Today, in San Francisco California, Microsoft revealed more details about it’s upcoming application store.
On hand for the event were Windows President Steven Sinofsky and Windows Web Services VP Antoine Leblond.
Here are some of the more significant highlights:
- Microsoft will allow developers and vendors to offer free trials of their software.
- Disney was the first partner mentioned.
- You will be able to convert your game from a trial version to a paid version seamlessly.
- Applications in the store will be exposed and visible on all major search engines.
- Internet Explorer 10 will have a linked button to apps in the store.
- Another mention of the number of PC’s worldwide (1.25 Billion).
- They are plugging the amount of Windows 7 PC’s (500 million) , much higher than the competition.

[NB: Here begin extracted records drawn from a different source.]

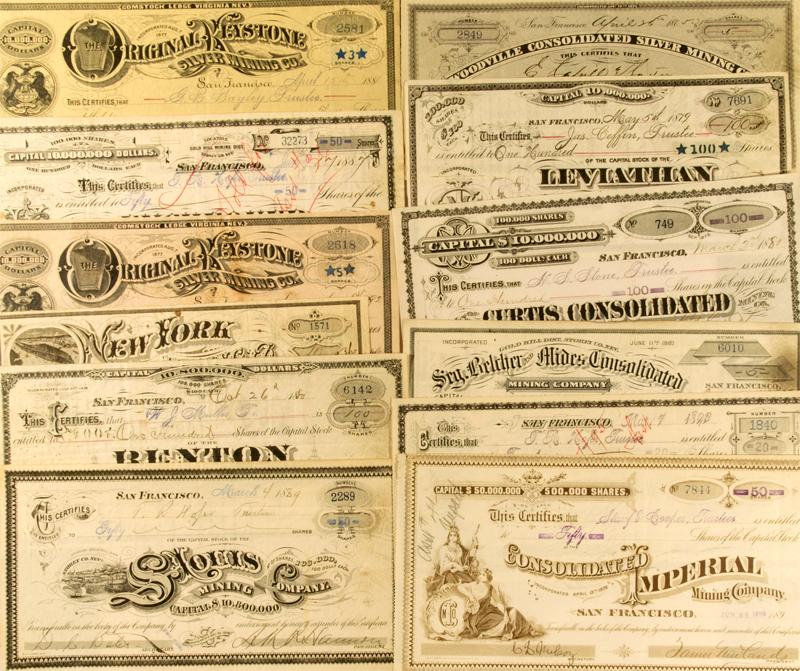 Lot of 13 pieces. This collection is of 12 different mines operating in the Gold Hill area during its peak production : 1) Original Keystone Silver Mining CO. Incorporated Aug 7, 1877. Comstock Ledge, Virginia NV. No. 2581 issued Apr. 15, 1881 for 3 shares. Signed R.E. Brewster. 2) Exchequer Mining Co. Incorporated July 19, 1865. No. 32273 issued Jan. 17, 1887 for 50 shares. Manuscript cancelled across face. Signed C. Hirschfield, Pres. 3) Original Keystone Silver Mining Co. No. 2618 issued nov. 1, 1892. Signed P.H. Kramer, Pres. 4) Woodville Cons. Silver Mining Co. Incorporated Jan. 14, 1875. No. 2849 issued Apr. 26, 1875 for 5 shares. Signed Robert S. Leonard, Pres. 5) Leviathan Mining Co. Incorporated Jan. 8, 1874. No. 7691 issued May 5, 1879 for 100 shares. Signed C.W.M. Smith. 6) Curtis Cons. Mining Co. Incorporated Sept. 1878. No. 749 issued March 2, 1880 for 100 shares. Signed Smith, Pres., H.S. Storie, Secr. 7) New York Mining Co. Incorporated June 4, 1874. No. 1571 issued Nov. 1, 1875 for 10 shares. Signed J.H. ?, Pres., H.C. Koebler, Secr. Vignette of Manhattan Island with ships. 8) Benton Cons. Co. Incorporated July 31, 1878. No. 6142 issued Oct. 26, 1880 for 100 shares. Signed Monroe Thomson, V-Pres., Watson, Secr. 9) Seg. Belcher & Mines Cons. Incorporated June 11, 1887. No. 6010 issued Jan. 16, 1891 for 5 shares. Signed Thomas Anderson, Pres. 10) St. Louis Mining Co. Incorporated May 26, 1876. No. 2289 issued Mar. 4, 1889 for 50 shares. Vignette of port with city and ships. Signed A.K.R. Shannon, Pres., D.C. Bates, Secr. 11) Consolidated New York Mining Co. Incorporated Nov. 23, 1887. No. 1840 issued ar. 7, 1892 for 20 shares. Signed by (?) Pres., Secr. Red manuscript cancel across face. Vignette of Statue of Liberty. 12) Consolidated Imperial Mining Co. Incorporated Apr. 13, 1876. No. 7844 issued June 28, 1898 for 50 shares. Signed James Newland, Pres. Br. On crème. 13) Consolidated Imperial Mining Co. No. 41054 issued Aug. 2, 1879 for 20 shares. Signed by (?) Pres., Secr. Blk on crème. Slight staining and slight wear to paper.
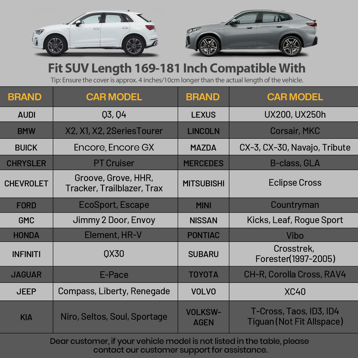 Favoto 6-layers suv car cover all weather for automobiles car trap waterproof outdoor sun snow protection Details:Material: PEVA+CottonDimension: 183 '' x 73 '' x 63 '' / 4.65m x 1.85m x 1.6mWeight: 6.72 lb / 3.05kgSuitable for: 170 to 183 inch / 4.35 to 4.65 meters in length suv carsColor: BlackFeature: with driver door zipper, 2 windproof straps, reflective stripes, 4 wheel tie-down Straps, elastic band Package includes:1 x Favoto car cover1 x Windproof strap1 x Storage bag
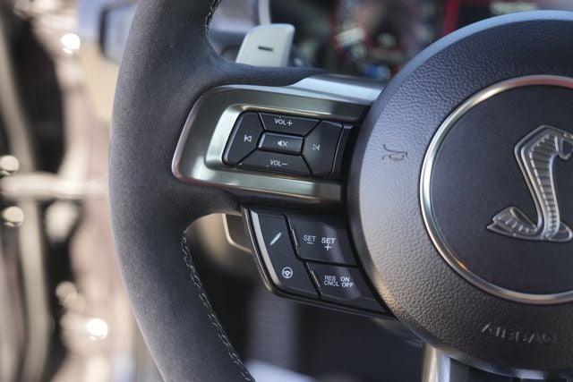 This 2022 Ford Mustang Shelby GT500 in Dark Matter Gray Metallic comes with the following features: 5.2L V8 7-Speed Automatic RWD Equipment Group 950A, Handling Package, Technology Package (BLIS Blind Spot Information System, Heated Mirrors, Radio: B&O Sound System by Bang & Olufsen, and Voice-Activated Touch-Screen Navigation System), Mustang Shelby GT500, 2D Coupe, 5.2L V8, 7-Speed Automatic, RWD, Dark Matter Gray Metallic, Ebony Dove Leather, 20 Wheels, 4-Wheel Disc Brakes, 9 Speakers, ABS brakes, Adaptive suspension, Air Conditioning, Alloy wheels, AM/FM radio: SiriusXM, AM/FM Stereo, Auto-dimming Rear-View mirror, Automatic temperature control, Brake assist, Bumpers: body-color, CD player, Climate Controlled Front Seats, Compass, Delay-off headlights, Driver door bin, Driver vanity mirror, Dual front impact airbags, Dual front side impact airbags, Electronic Stability Control, Emergency communication system: 911 Assist, Exposed Carbon Fiber Instrument Panel, Exterior Parking Camera Rear, Four wheel independent suspension, Front anti-roll bar, Front Bucket Seats, Front Center Armrest, Front dual zone A/C, Front reading lights, Fully automatic headlights, Garage door transmitter, Gray Indoor Car Cover (Dealer Installed), Heated front seats, High-Intensity Discharge Headlights, Illuminated entry, Knee airbag, Kona Blue Over-the-Top Stripe, Leather-Trimmed Sport Seats, Low tire pressure warning, Occupant sensing airbag, Outside temperature display, Overhead airbag, Panic alarm, Passenger door bin, Passenger vanity mirror, Power door mirrors, Power driver seat, Power passenger seat, Power steering, Power windows, Radio data system, Rear anti-roll bar, Rear window defroster, Remote keyless entry, Security system, SiriusXM Radio, Speed control, Speed-sensing steering, Speed-Sensitive Wipers, Split folding rear seat, Spoiler, Sport steering wheel, Steering wheel mounted audio controls, SYNC 3 Communications & Entertainment System, Tachometer, Telescoping steering wheel, Tilt steering wheel, Traction control, Trip computer, Variably intermittent wipers, Ventilated front seats, Voltmeter, and Wheels: 20 Flow Formed High Gloss Black Aluminum.
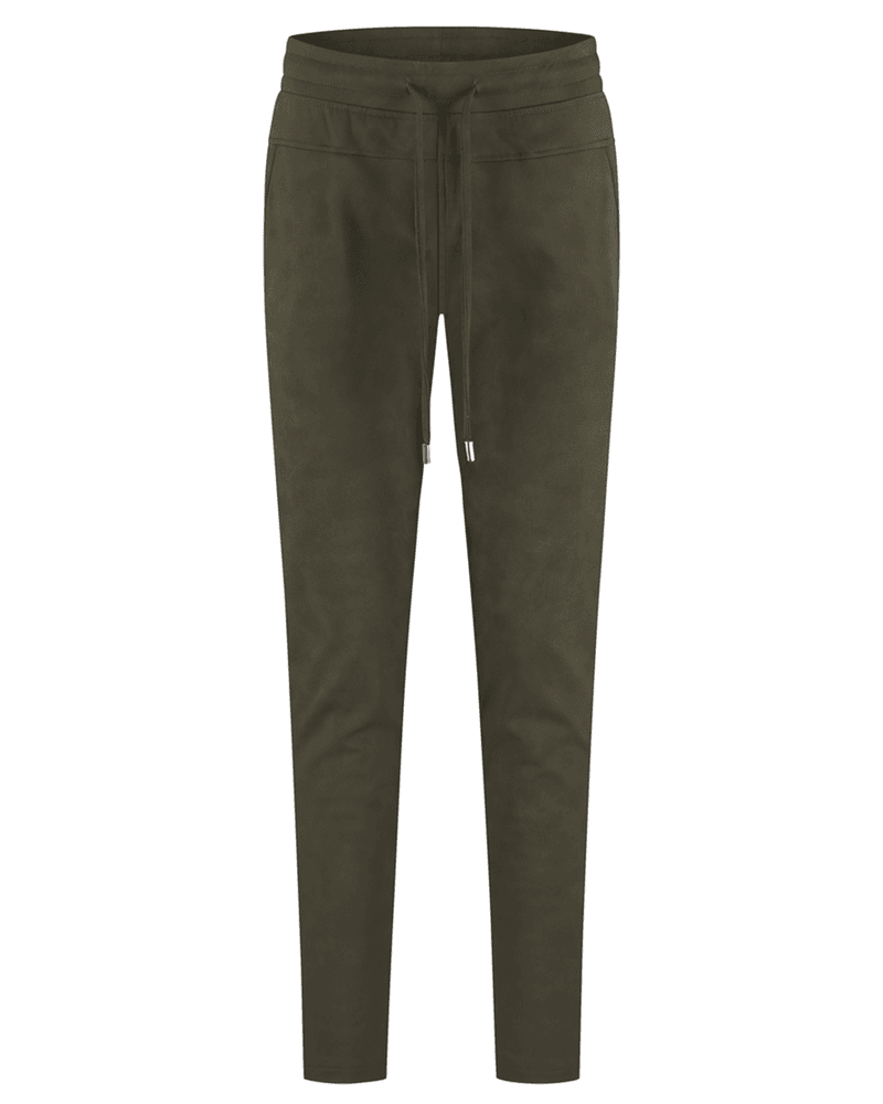 De broek is uitgevoerd in een zachte brushed kwaliteit – een dikkere stof met een geborstelde binnenkant. Dit geeft de Phoebe niet alleen een luxe uitstraling, maar ook een heerlijk zacht gevoel op de huid. De steekzakken aan de voorkant en sierpaspelzakken aan de achterkant voegen subtiele details toe die het geheel een verzorgde uitstraling geven.

- Picture of the Windows Store in China.
Windows Store China – Credit AllthingsD
- There will be a localized version of the store in all languages supported by Microsoft.
- The top 40 markets will have local pricing.
- Developers will be paid in 20 different currencies.
- Metro apps will have to be sold through the Windows Store, with the exception of enterprise applications.
- Microsoft will be using a more hands off approach than the Apple and seem to indicate that they will take less for that transactions performed by the store than Apple will. *Stay tuned for more on that *
- They are demoing apps now.
- Seems like Microsoft will enable publishers to handle back end subscription using their own custom mechanisms.
- Not sure if that only applies to large publishers.
- Not sure what those tools are.
- The example used here is the Daily Telegraph newspaper
- Developers will also be free to release ad supported applications.
- The Windows Store application models so far are
- Trial to Paid
- Application Approval – Microsoft are trying to be tempered.
- They will share QA tools with developers to minimize code errors.
- Microsoft will offer developers access to stats and reports for their apps including sales etc but also including crash stats and performance statistics.
- Microsoft will take 30% of developer revenue from the apps. When that application makes over $25,000, the percentage will drop to 20%. That’s curious because its the same as Apple and a sharp contrast to Google who take 5%. Strike One against the Windows Store.
- The Windows Store will debut in February of 2012 with Windows 8. I guess that date has been confirmed now.
- The store will start out with free applications and initially, application submissions will be by invite only.
- This makes sense in order to iron out the bugs and make sure the process is manageable.
That’s all I guess.
I guess we’ll hear a lot more when Windows 8 Beta debuts in February.